Giay isn’t sure Black people in America are exposed to the same level of overt racism that confronts Papuans daily, having never lived in the U.S., but she sees similar experiences in the way both have long grown to distrust police.

“There’s a history of trauma,” she said. “The distrust makes everything the state does suspect to us. You don’t ever think they have your interests in mind.”

Tabuni, the jailed activist, didn’t fully grasp the extent of the racism until he left West Papua to attend college.

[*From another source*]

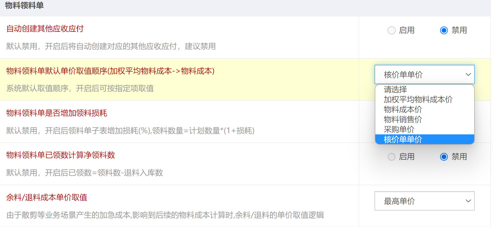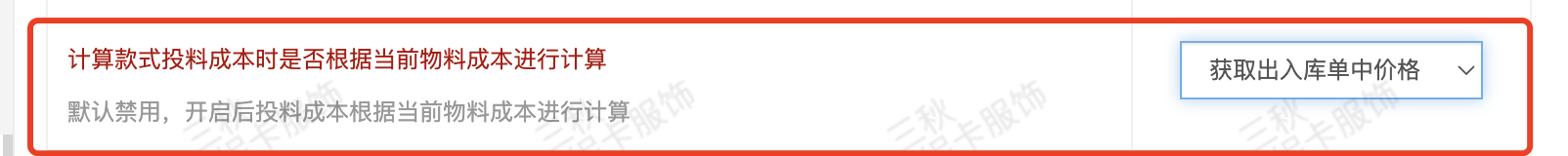 功能说明:在取BOM的时候,面辅料以及各项成本根据配置会区分含税未税。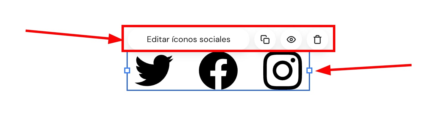Haz click en el elemento para ver más opciones: editar, duplicar, ocultar, eliminar o cambiar tamaño:

He was surprised by the way some Indonesians would pinch their noses and say he smelled bad when he rode public transportation.

“I’d be called ‘monkey,’ ‘pig,’ ‘primitive,’ all sorts of things,” Tabuni said. “I didn’t fight back because, in my mind, I was still colonized.”

His awakening came in 2001 with the assassination by Indonesian special forces of Theys Eluay, a charismatic independence leader who favored peaceful advocacy over armed insurgency.

Ever since, Tabuni has devoted himself to promoting Papuan self-determination by peaceful means. He’s been arrested and beaten by police three times. He still aches from blows he once took to the head and back from rifle butts.

“I will continue to fight racism,” said Tabuni, who is set to be released Aug. 4. “I extend my sympathies for the passing of George Floyd. We know exactly how it feels. But we also ask Americans for their solidarity; to help us stand on our own two feet as an independent West Papua.”